- [Work order] When you restate the records, do so word for word and omit any picture they contain.

_ _ _ _ _ _ _

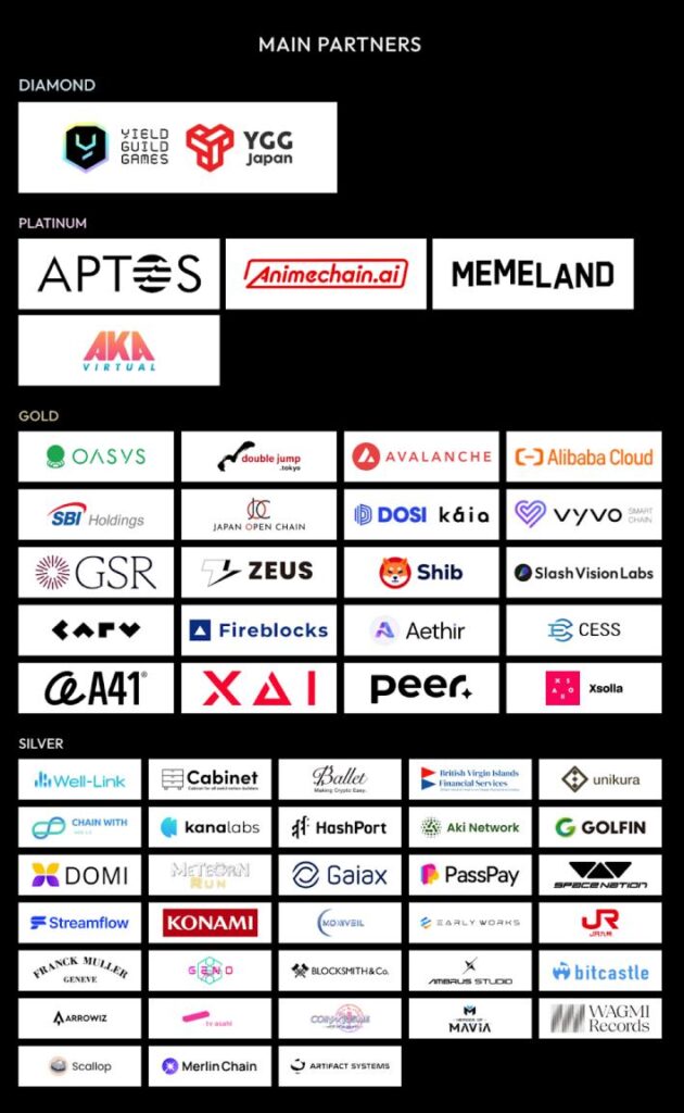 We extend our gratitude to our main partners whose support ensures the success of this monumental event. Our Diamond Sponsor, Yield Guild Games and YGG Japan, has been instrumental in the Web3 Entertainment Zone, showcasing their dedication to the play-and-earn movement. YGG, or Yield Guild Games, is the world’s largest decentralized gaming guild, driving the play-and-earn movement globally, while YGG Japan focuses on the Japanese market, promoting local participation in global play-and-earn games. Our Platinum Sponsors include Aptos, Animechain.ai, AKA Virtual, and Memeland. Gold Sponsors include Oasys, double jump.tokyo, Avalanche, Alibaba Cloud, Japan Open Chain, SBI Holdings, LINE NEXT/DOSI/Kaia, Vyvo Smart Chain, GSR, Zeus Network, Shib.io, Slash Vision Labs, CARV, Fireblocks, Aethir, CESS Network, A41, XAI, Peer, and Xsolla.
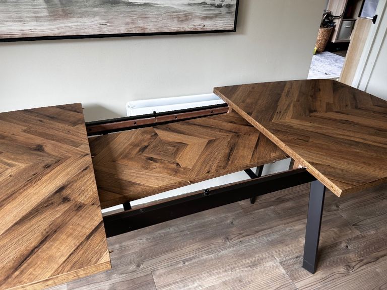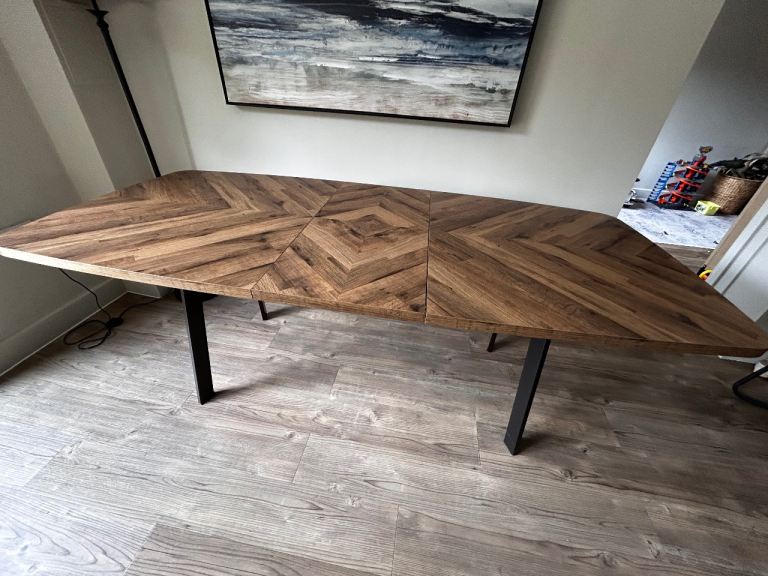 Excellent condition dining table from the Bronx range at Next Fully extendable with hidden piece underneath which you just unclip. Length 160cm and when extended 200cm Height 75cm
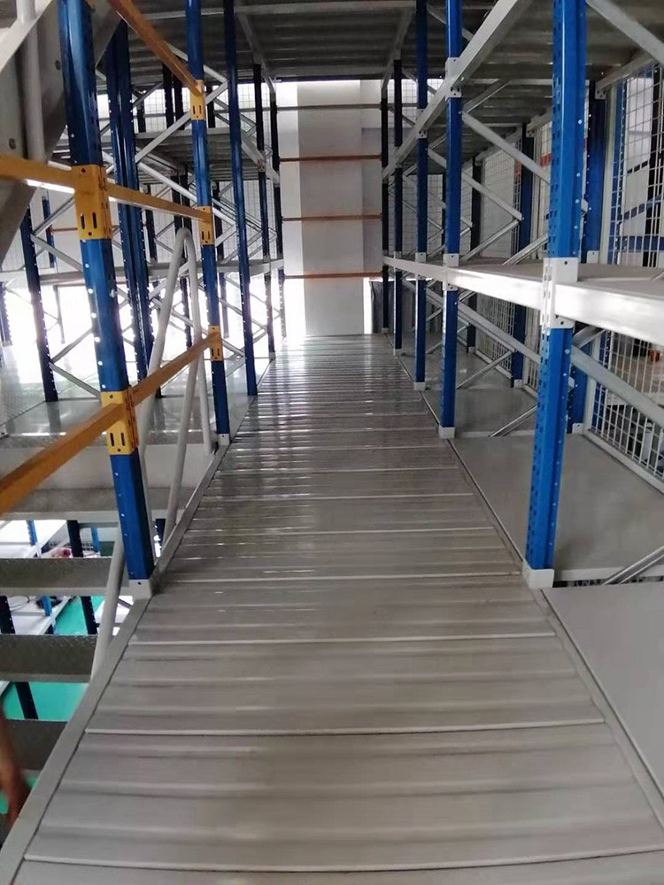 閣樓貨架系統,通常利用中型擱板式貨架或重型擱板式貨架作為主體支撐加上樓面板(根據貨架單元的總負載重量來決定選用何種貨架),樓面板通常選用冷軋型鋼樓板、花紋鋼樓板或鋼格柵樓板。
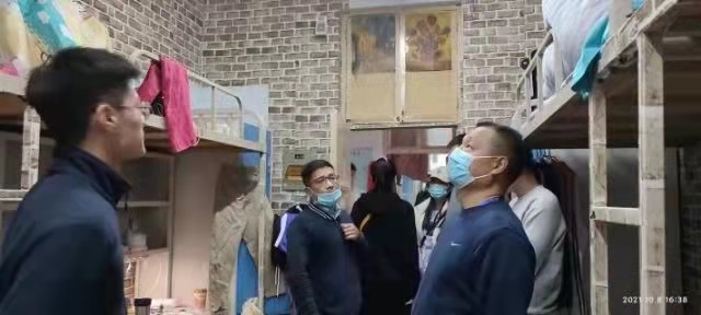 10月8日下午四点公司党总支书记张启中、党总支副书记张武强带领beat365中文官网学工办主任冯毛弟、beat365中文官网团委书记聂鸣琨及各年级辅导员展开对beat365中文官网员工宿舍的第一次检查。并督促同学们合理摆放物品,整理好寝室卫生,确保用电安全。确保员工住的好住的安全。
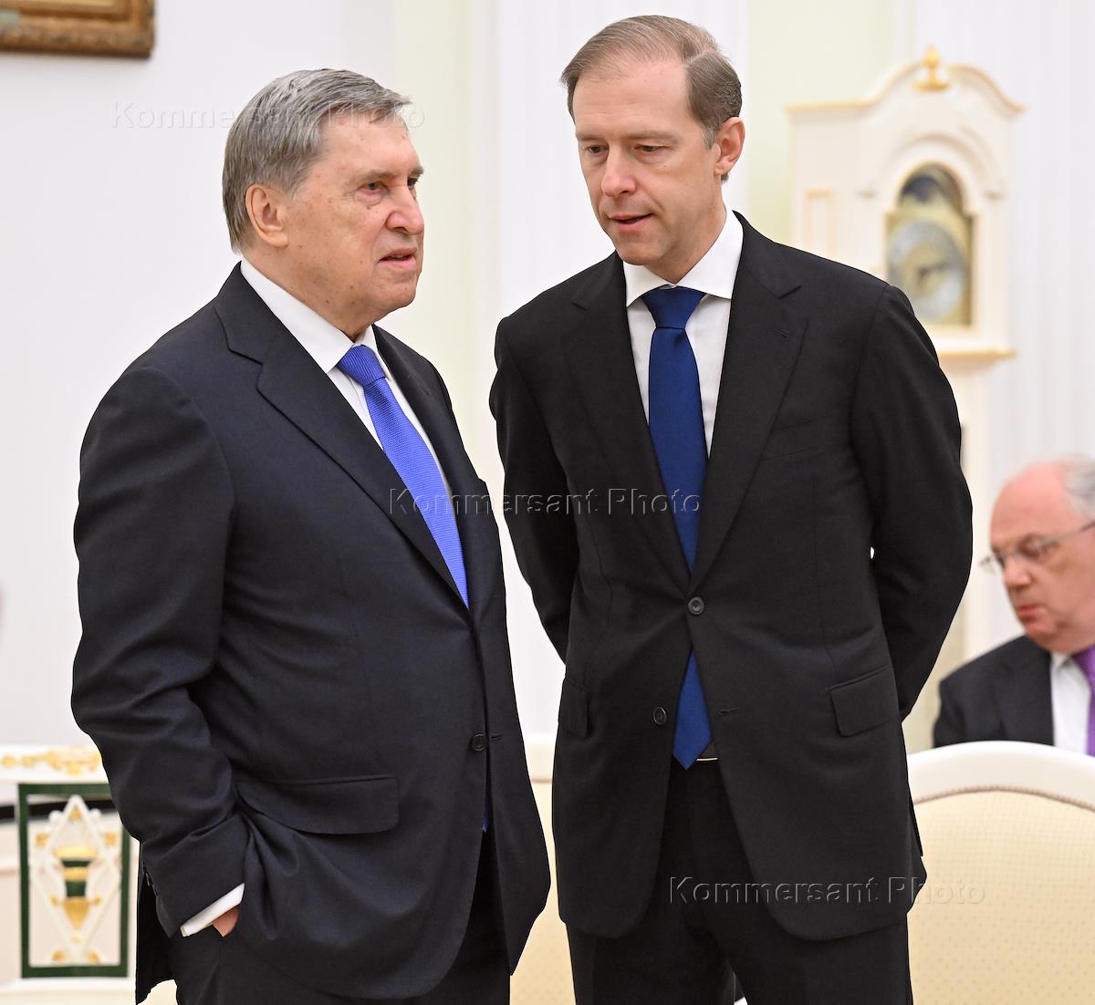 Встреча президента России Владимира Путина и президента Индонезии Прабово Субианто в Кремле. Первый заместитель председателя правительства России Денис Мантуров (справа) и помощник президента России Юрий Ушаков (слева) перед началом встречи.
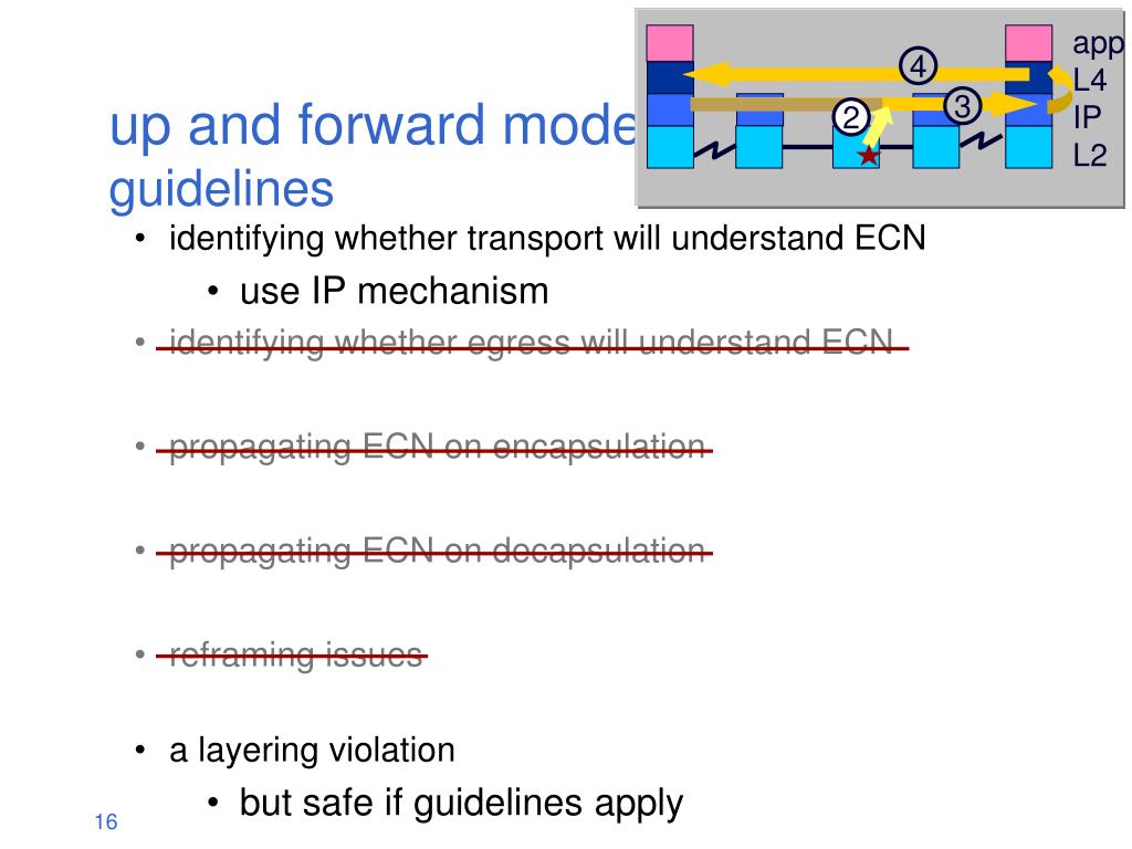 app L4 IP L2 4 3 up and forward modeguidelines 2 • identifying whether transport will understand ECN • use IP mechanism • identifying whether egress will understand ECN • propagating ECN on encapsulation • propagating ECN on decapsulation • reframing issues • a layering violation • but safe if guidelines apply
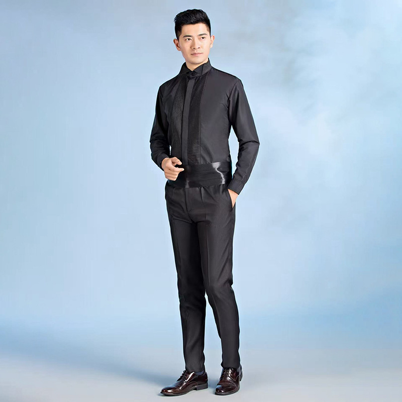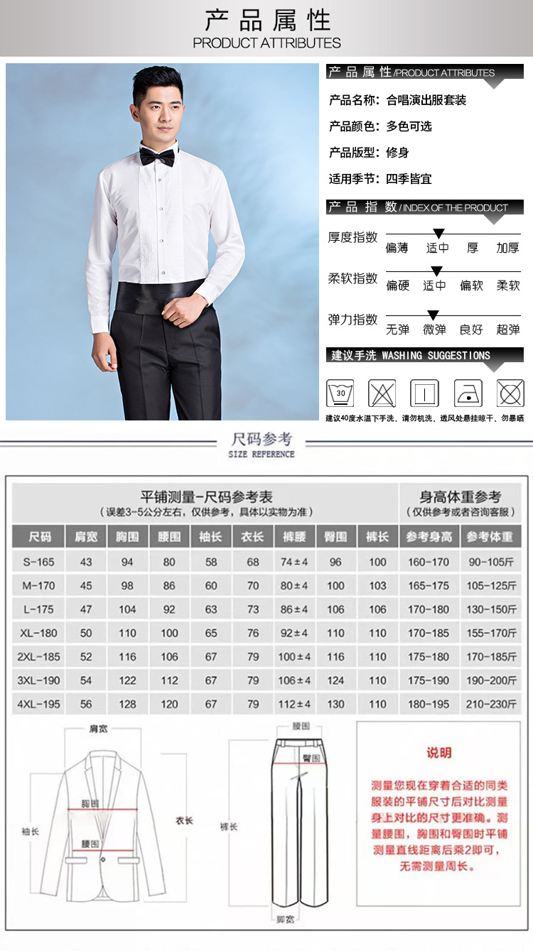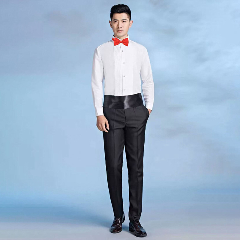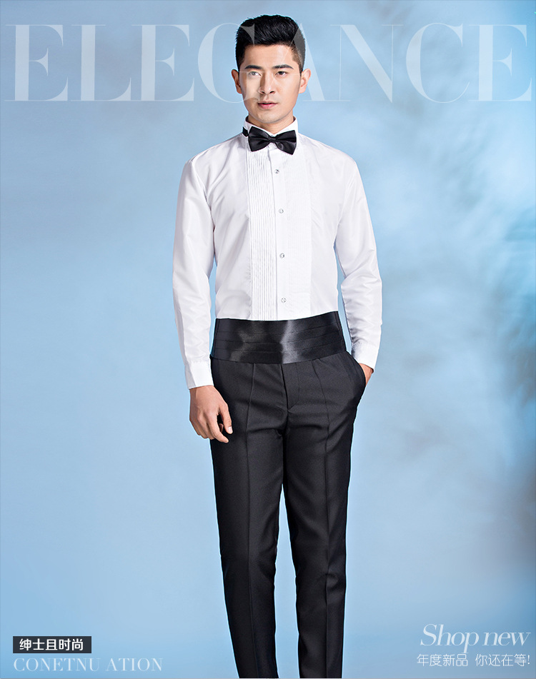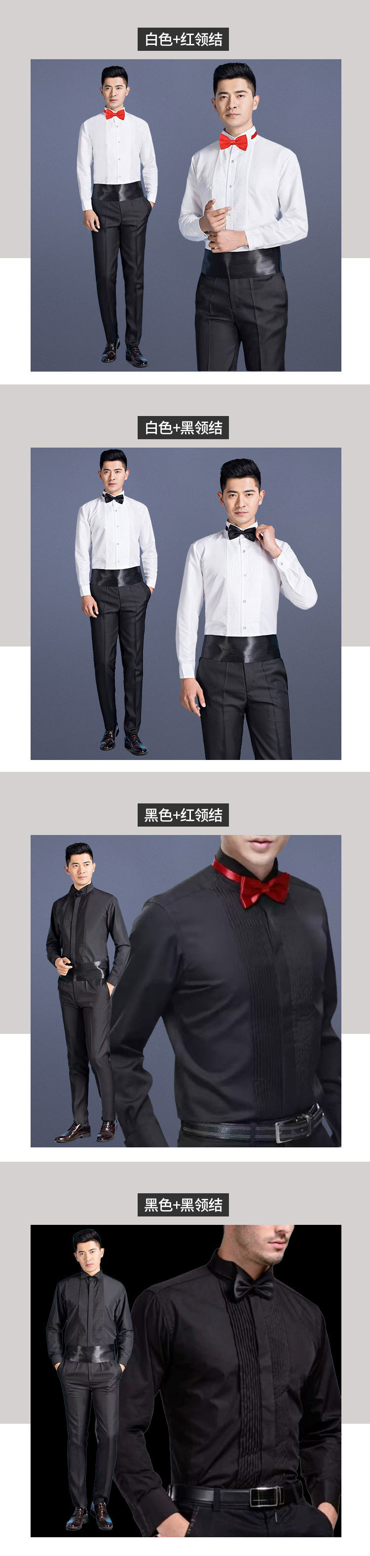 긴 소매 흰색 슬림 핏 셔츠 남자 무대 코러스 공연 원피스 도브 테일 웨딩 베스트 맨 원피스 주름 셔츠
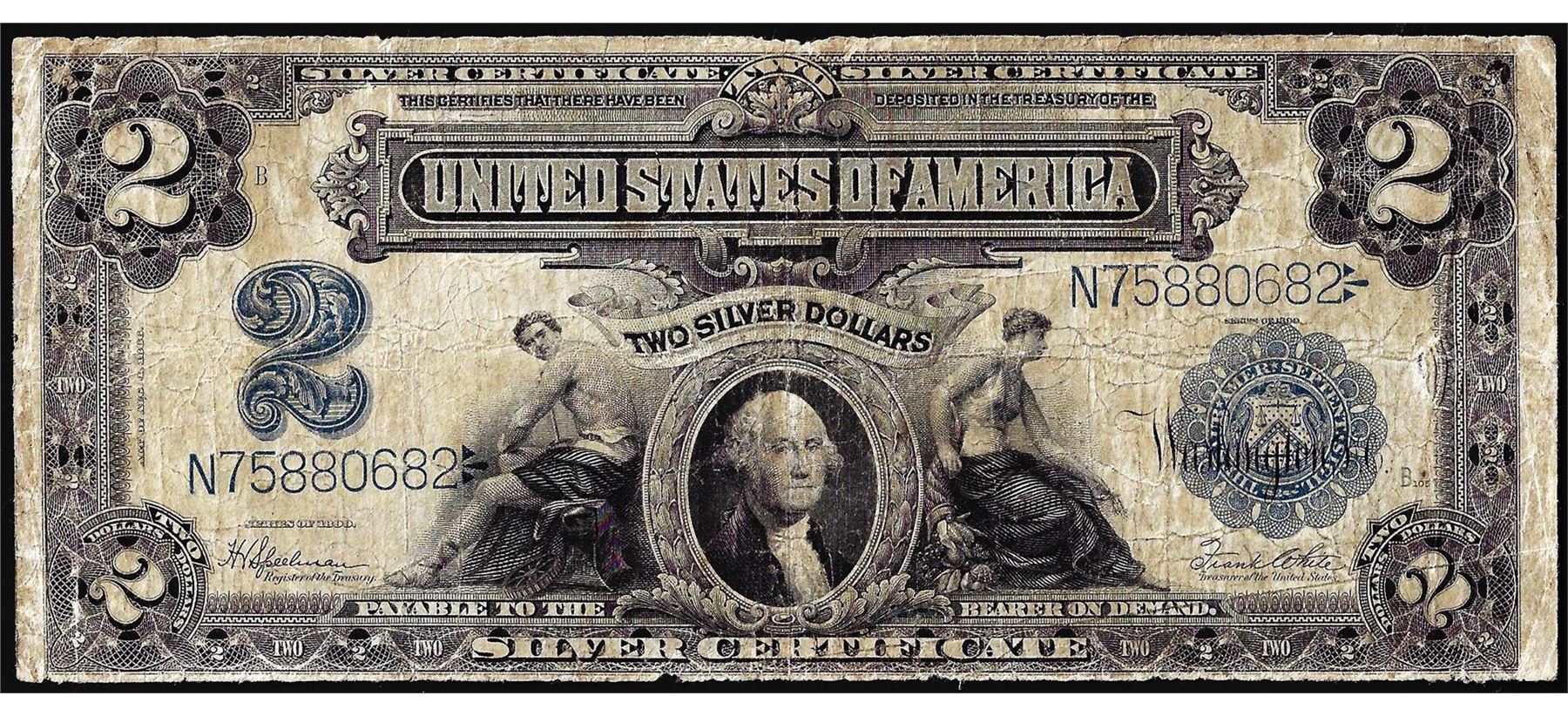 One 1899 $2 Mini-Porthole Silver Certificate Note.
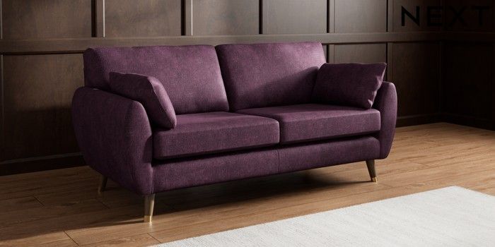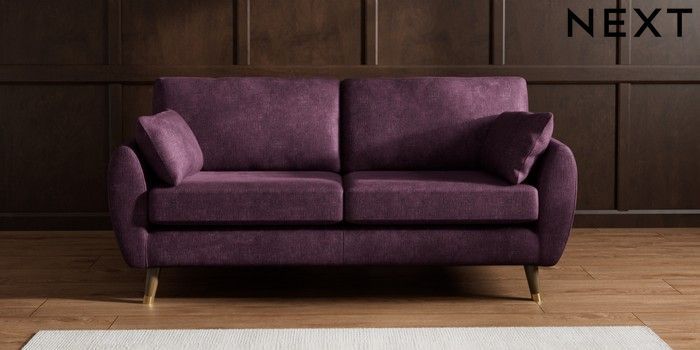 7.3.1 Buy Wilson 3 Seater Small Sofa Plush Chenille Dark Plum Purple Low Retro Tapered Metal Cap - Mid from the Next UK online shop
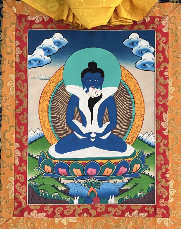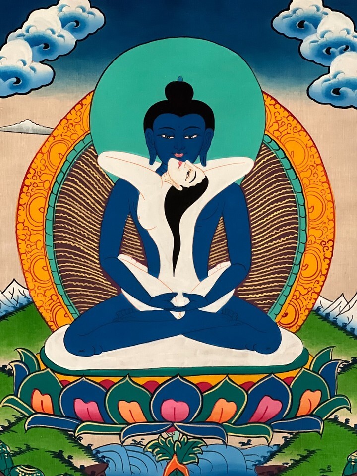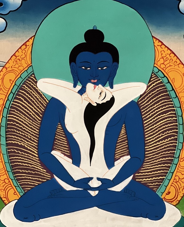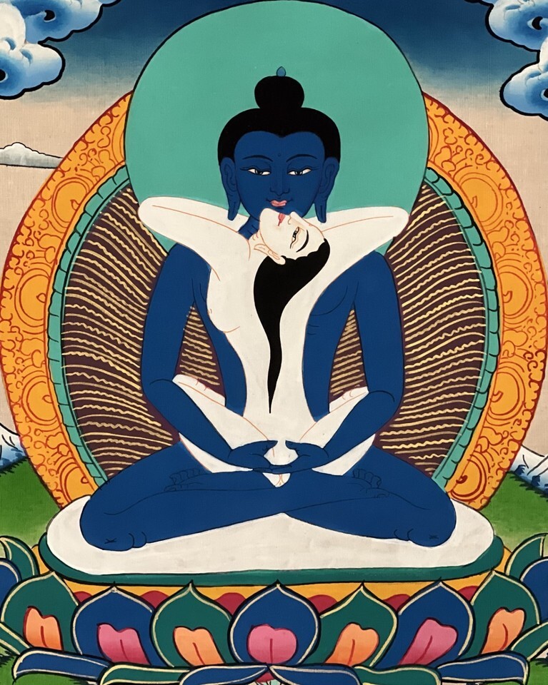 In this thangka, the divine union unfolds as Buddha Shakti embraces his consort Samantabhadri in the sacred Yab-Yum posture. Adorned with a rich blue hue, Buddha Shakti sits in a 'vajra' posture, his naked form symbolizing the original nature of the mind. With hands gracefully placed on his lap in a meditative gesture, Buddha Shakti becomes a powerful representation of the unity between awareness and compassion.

_ _ _ _ _ _ _

- [Solution to the exercise]
 We extend our gratitude to our main partners whose support ensures the success of this monumental event. Our Diamond Sponsor, Yield Guild Games and YGG Japan, has been instrumental in the Web3 Entertainment Zone, showcasing their dedication to the play-and-earn movement. YGG, or Yield Guild Games, is the world’s largest decentralized gaming guild, driving the play-and-earn movement globally, while YGG Japan focuses on the Japanese market, promoting local participation in global play-and-earn games. Our Platinum Sponsors include Aptos, Animechain.ai, AKA Virtual, and Memeland. Gold Sponsors include Oasys, double jump.tokyo, Avalanche, Alibaba Cloud, Japan Open Chain, SBI Holdings, LINE NEXT/DOSI/Kaia, Vyvo Smart Chain, GSR, Zeus Network, Shib.io, Slash Vision Labs, CARV, Fireblocks, Aethir, CESS Network, A41, XAI, Peer, and Xsolla.
 Excellent condition dining table from the Bronx range at Next Fully extendable with hidden piece underneath which you just unclip. Length 160cm and when extended 200cm Height 75cm
 閣樓貨架系統,通常利用中型擱板式貨架或重型擱板式貨架作為主體支撐加上樓面板(根據貨架單元的總負載重量來決定選用何種貨架),樓面板通常選用冷軋型鋼樓板、花紋鋼樓板或鋼格柵樓板。
 10月8日下午四点公司党总支书记张启中、党总支副书记张武强带领beat365中文官网学工办主任冯毛弟、beat365中文官网团委书记聂鸣琨及各年级辅导员展开对beat365中文官网员工宿舍的第一次检查。并督促同学们合理摆放物品,整理好寝室卫生,确保用电安全。确保员工住的好住的安全。
 Встреча президента России Владимира Путина и президента Индонезии Прабово Субианто в Кремле. Первый заместитель председателя правительства России Денис Мантуров (справа) и помощник президента России Юрий Ушаков (слева) перед началом встречи.
 app L4 IP L2 4 3 up and forward modeguidelines 2 • identifying whether transport will understand ECN • use IP mechanism • identifying whether egress will understand ECN • propagating ECN on encapsulation • propagating ECN on decapsulation • reframing issues • a layering violation • but safe if guidelines apply
 긴 소매 흰색 슬림 핏 셔츠 남자 무대 코러스 공연 원피스 도브 테일 웨딩 베스트 맨 원피스 주름 셔츠
 One 1899 $2 Mini-Porthole Silver Certificate Note.
 7.3.1 Buy Wilson 3 Seater Small Sofa Plush Chenille Dark Plum Purple Low Retro Tapered Metal Cap - Mid from the Next UK online shop
 In this thangka, the divine union unfolds as Buddha Shakti embraces his consort Samantabhadri in the sacred Yab-Yum posture. Adorned with a rich blue hue, Buddha Shakti sits in a 'vajra' posture, his naked form symbolizing the original nature of the mind. With hands gracefully placed on his lap in a meditative gesture, Buddha Shakti becomes a powerful representation of the unity between awareness and compassion.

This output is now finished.